内质网膜中蛋白质插入的分子密码对于N（内）-C（外）和N（外）-C（内）跨膜螺旋是相似的。

Molecular code for protein insertion in the endoplasmic reticulum membrane is similar for N(in)-C(out) and N(out)-C(in) transmembrane helices.

作者信息

Lundin Carolina, Kim Hyun, Nilsson IngMarie, White Stephen H, von Heijne Gunnar

机构信息

Center for Biomembrane Research, Department of Biochemistry and Biophysics, Stockholm University, SE-106 91 Stockholm, Sweden.

出版信息

Proc Natl Acad Sci U S A. 2008 Oct 14;105(41):15702-7. doi: 10.1073/pnas.0804842105. Epub 2008 Oct 7.
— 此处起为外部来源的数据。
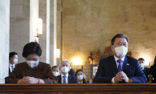 문 대통령은 "가톨릭은 고난과 고통의 시기에 인류에게 희망이 됐는데, 코로나로 어려운 시기에 전 인류가 연대와 사랑으로 서로 도와 슬기롭게 극복할 수 있도록 기도해달라"고 당부했다.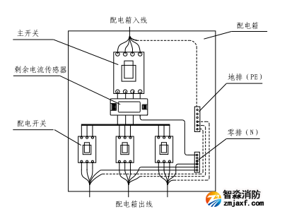 圖 4 傳感器安裝在配電箱主開關(guān)出線處的接法,也可裝在上方的入線處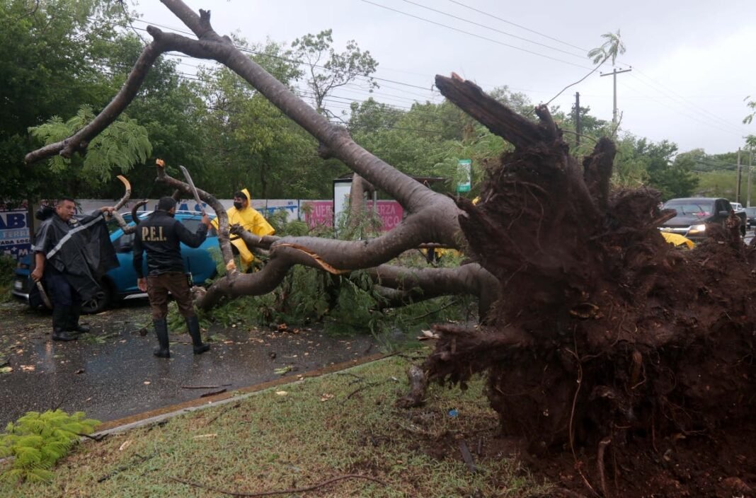 Para las tres de la tarde ya había árboles caídos en la avenida Quetzalcóatl (frente a un supermercado), en Circuito Colonias a la altura del deportivo Kukulcán, en la avenida Pedagógica, en la colonia Azcorra, los Vergeles, Ciudad Industrial, San Marcos Sustentable…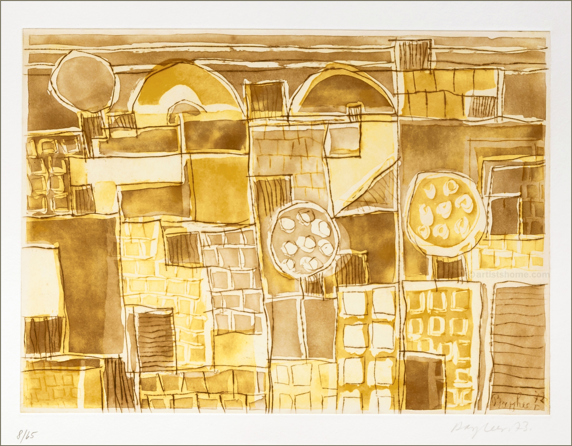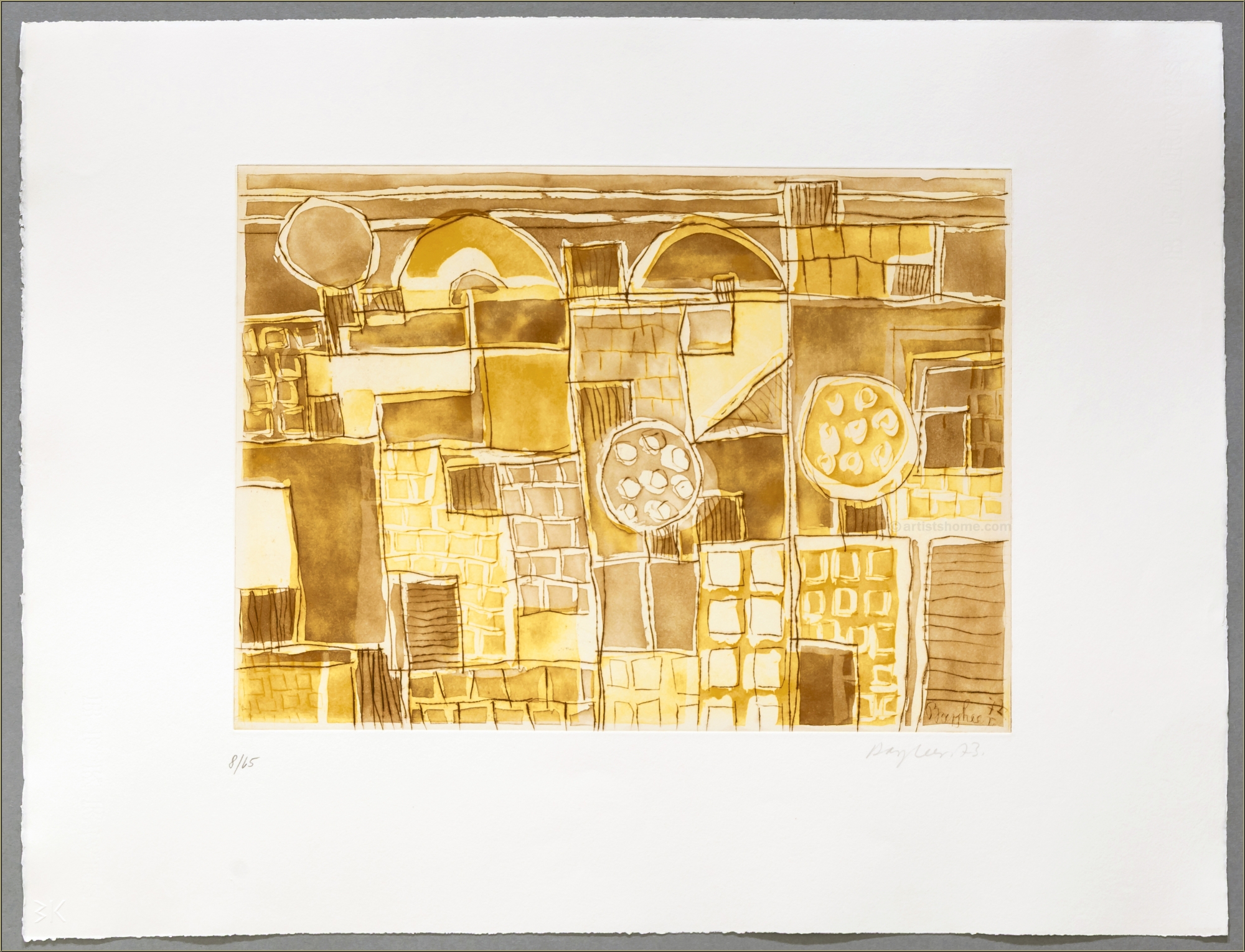 Details:"Forio" - 1972 After World War II, the small town of Forio on the Italian island of Ischia became Eduard Bargheer's adopted home, and after his return to Hamburg, his summer residence. Both places were welcome motifs for Bargheer to capture in his paintings. A gifted engraver, he succeeded in giving his aquatint prints the glazing effect of watercolors, making them appear as if they were unique pieces. Offered here is one of 65 numbered copies on BFK Rives wove paper.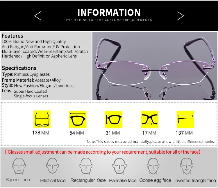 Frame DesignWomen Rimless Frame Glasses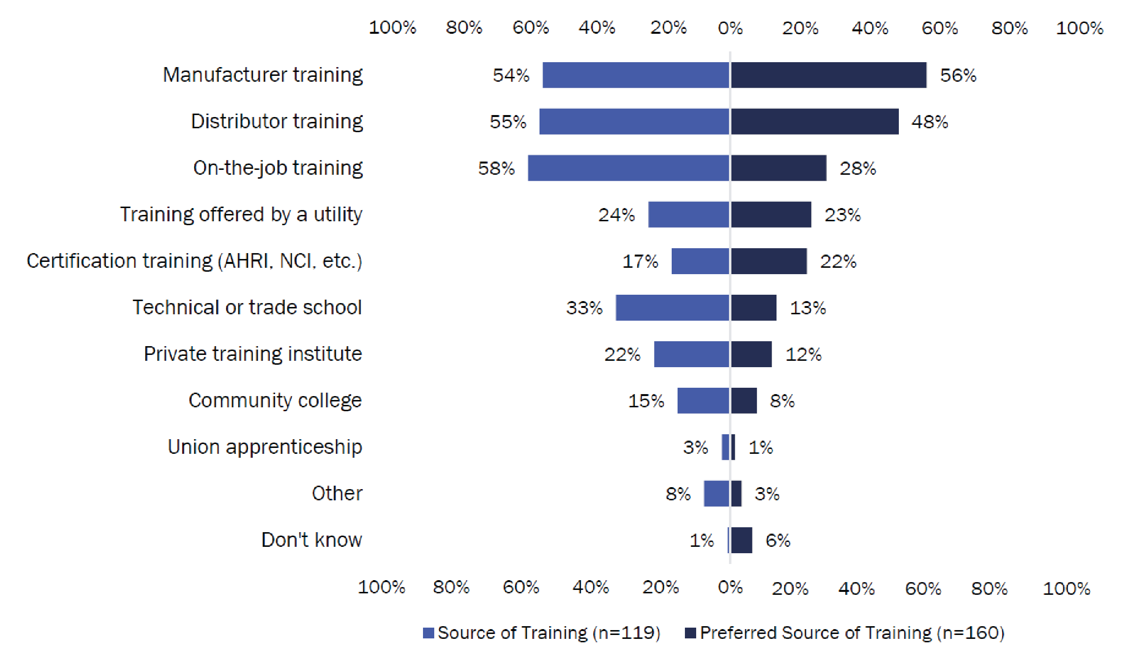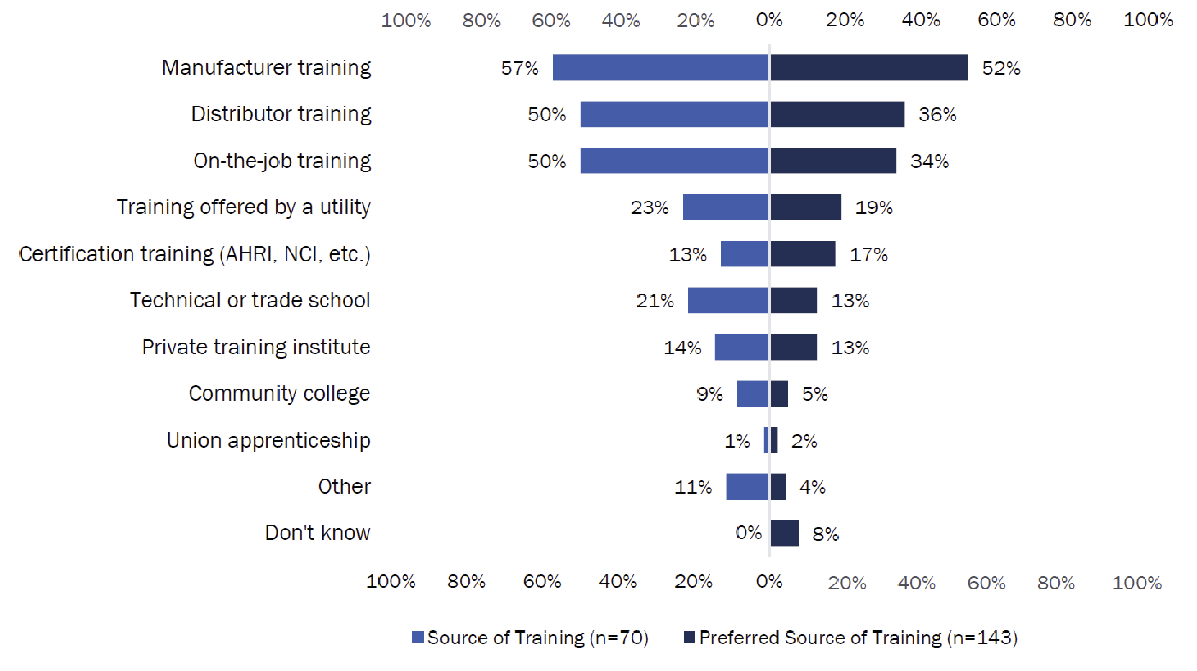 Figure 44. Sources of Heat Pump Training Versus Preferred Sources for Training (Multiple Responses Allowed)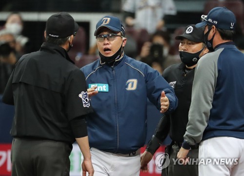 8회 심판 판정에 항의한 상황을 두고 이 감독은 "번트 상황이었는데 주심은 파울을 선언했고, 타자 정수빈은 몸에 맞았다고 주장했다"며 "비디오 판독에서는 몸에 맞았다고 결론이 나왔지만, 제가 항의한 건 스윙이었다"고 설명했다.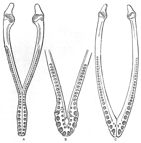 Of long and short-tailed Pterodactyles we now know almost complete skeletons and details of their patagia or flying membranes. The discovery of the long-tailed feathered bird with teeth—the Archæopteryx, from the Oolite of Solenhofen, is another marvellous addition to our knowledge; whilst Marsh’s great Hesperornis, a wingless diving bird with teeth, and his flying toothed bird, the Ichthyornis dispar, are to us equally surprising.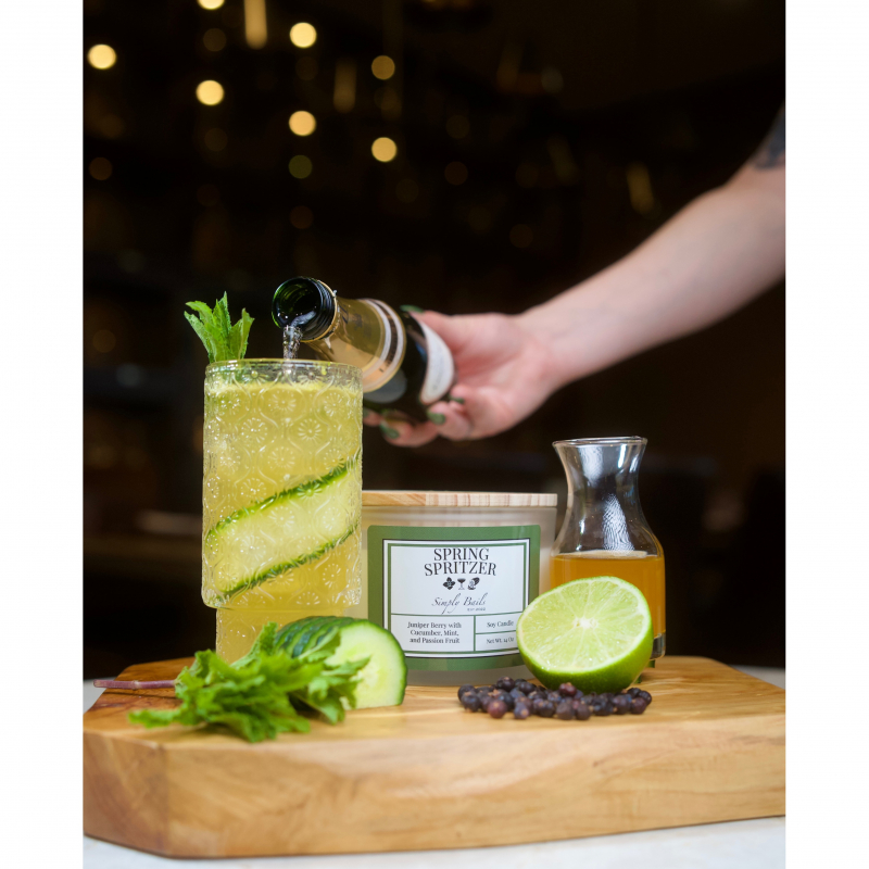 Reminiscent of a fresh spring breeze, the Spring Spritzer is a bold combination of herbal and fruity fragrances that will enlighten your senses. As a part of the gin line, the Spritzer has a base of juniper berry to imitate the main component in the liquor. It is elegantly blended with the fresh essence of cucumber, mint and a hint of passionfruit. This candle is one of our strongest fragrances and meant to be the star of the show wherever it is burned.

DOI:10.1073/pnas.0804842105

PMID:18840693

原文链接:https://pmc.ncbi.nlm.nih.gov/articles/PMC2572976/

Abstract

Transmembrane alpha-helices in integral membrane proteins can have two orientations in the membrane: N(in)-C(out) or N(out)-C(in). Previous studies of model N(out)-C(in) transmembrane segment have led to a detailed, quantitative picture of the "molecular code" that relates amino acid sequence to membrane insertion efficiency in vivo [Hessa T, et al. (2007) Molecular code for transmembrane helix recognition by the Sec61 translocon. Nature 450:1026-1030], but whether the same code applies also to N(in)-C(out) transmembrane helices is unknown. Here, we show that the contributions of individual amino acids to the overall efficiency of membrane insertion are similar for the two kinds of helices and that the threshold hydrophobicity for membrane insertion can be up to approximately 1 kcal/mol lower for N(in)-C(out) compared with N(out)-C(in) transmembrane helices, depending on the neighboring helices.

摘要

整合膜蛋白中的跨膜α螺旋在膜中可有两种取向：N端在内-C端在外或N端在外-C端在内。先前对模型N端在外-C端在内跨膜片段的研究已得出了一个详细的、定量的“分子密码”图景，该密码将氨基酸序列与体内膜插入效率联系起来[赫萨T等人（2007年）。Sec61转运体识别跨膜螺旋的分子密码。《自然》450:1026 - 1030]，但同样的密码是否也适用于N端在内-C端在外的跨膜螺旋尚不清楚。在此，我们表明，对于这两种螺旋，单个氨基酸对膜插入总体效率的贡献是相似的，并且与N端在外-C端在内的跨膜螺旋相比，N端在内-C端在外跨膜螺旋的膜插入阈值疏水性可低约1千卡/摩尔，这取决于相邻螺旋。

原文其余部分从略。